> [TASK DESCRIPTION] Leaving all pictures aside, copy exactly the lines from the start of the listing below through the line that contains "В зале представлены", and only those lines.

> [DATASET EXCERPT]
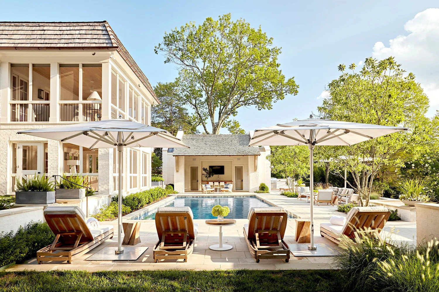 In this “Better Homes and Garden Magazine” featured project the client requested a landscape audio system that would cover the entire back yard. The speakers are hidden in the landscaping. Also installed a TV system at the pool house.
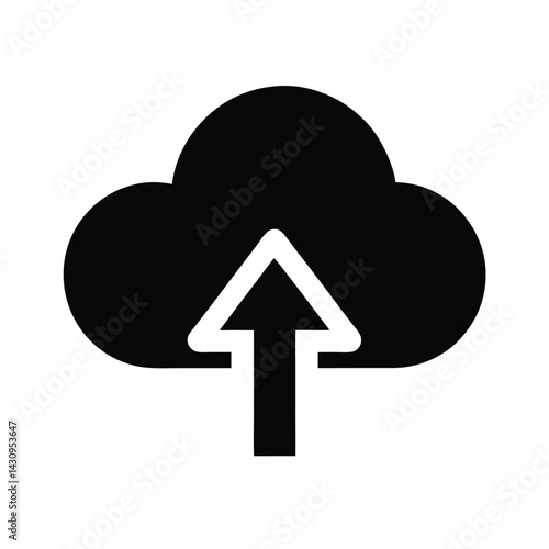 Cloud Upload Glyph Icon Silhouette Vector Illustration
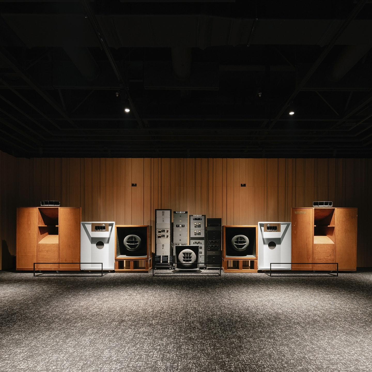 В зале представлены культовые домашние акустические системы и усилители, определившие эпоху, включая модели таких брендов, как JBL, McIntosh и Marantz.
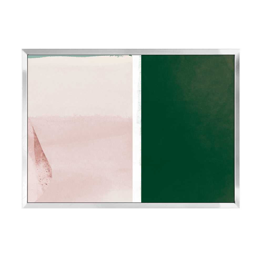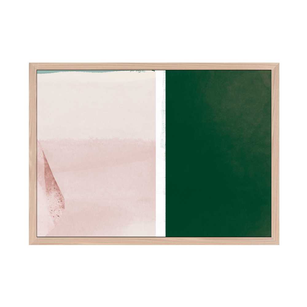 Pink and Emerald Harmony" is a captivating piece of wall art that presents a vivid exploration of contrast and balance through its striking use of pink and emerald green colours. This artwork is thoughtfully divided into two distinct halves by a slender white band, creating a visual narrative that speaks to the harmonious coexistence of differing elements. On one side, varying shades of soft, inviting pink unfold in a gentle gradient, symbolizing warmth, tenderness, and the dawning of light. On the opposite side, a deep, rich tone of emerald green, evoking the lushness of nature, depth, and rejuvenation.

> [ANSWER SECTION]
 In this “Better Homes and Garden Magazine” featured project the client requested a landscape audio system that would cover the entire back yard. The speakers are hidden in the landscaping. Also installed a TV system at the pool house.
 Cloud Upload Glyph Icon Silhouette Vector Illustration
 В зале представлены культовые домашние акустические системы и усилители, определившие эпоху, включая модели таких брендов, как JBL, McIntosh и Marantz.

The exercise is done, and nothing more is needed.